He scoffed. “Grandmother indeed.”
She smiled a little to herself. “You were very fond of your grandmother, if I recall.”
“She would have liked you,” he agreed, still looking down at her ring. “It truly is an ugly thing.”
Bella laughed at this. It was a large pink diamond that had come from India. Most men would compliment it on its origins alone, let alone the cut and the color.
“Septi,” she whispered.
His bright blue eyes looked up into hers, and she saw only determination there. “What if I can find this woman from Kent?”
“In two days?” she asked in bewilderment.
“Darcy surely shan’t want to wed you then if I can find the elusive ‘lady with the fine eyes.’” He now seemed pleased at the notion.
“Septi,” she reminded him. “That would ruin me.”
He deflated at that. “Then I shall make Pater come around before the wedding.”
“And ruin both my reputation and Darcy’s?” Septi was clearly grasping at straws now. He wasn’t thinking clearly. “Go home, Septi.

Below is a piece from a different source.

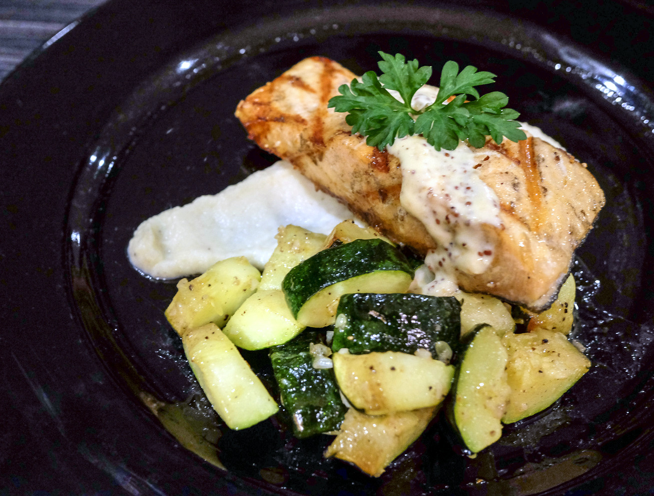 ... before reaching safe harbour with salmon, capably grilled & geared up with sun-dried tomato pesto, zucchini & cauliflower coulis (RM42), or smoked & served with a potato dill pancake, red onions, rocket leaves, capers & sour cream (RM28).

There is nothing for you here.”
He sighed at that and released her hand as if burnt. “You cannot love him.”
“This is not about love,” she reminded him.
“No, it is about fortunes and power.” He looked clearly upset now. “Darcy has the fortune and the power and can command us about because of it.”

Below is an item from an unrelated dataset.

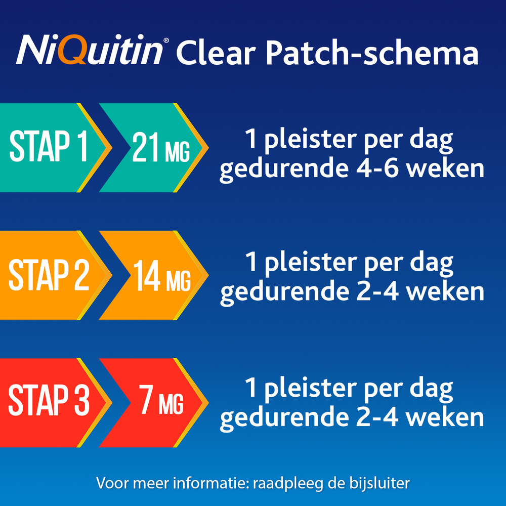 - 21 mg vormt de eerste stap in de rookstopbehandeling: NiQuitin® Clear Patch bestaat uit 3 sterktes (21 mg, 14 mg en 7 mg). Ze geven elk een verschillende hoeveelheid nicotine af. Je bouwt dus geleidelijk in 3 stappen je behoefte naar een sigaret af (cf. Doseringsschema)

“No one is commanding you about,” she promised him.
“Are you not commanding me to leave your presence?” This was said petulantly, like a child, showing how young Septimus really was.
Bella reached out carefully, and touched his wrist. “I am not doing this to hurt you.”
“No,” he agreed, “but you wound me just the same.”
Silence fell around them again, and neither could look at one another. “Go to Oxford,” Bella pushed again. “Don’t read the papers.”
He grimaced.
“Don’t read Whistledown.”
“How else am I to hear about your wedding?” he griped. “You certainly shall not write to me on the subject.”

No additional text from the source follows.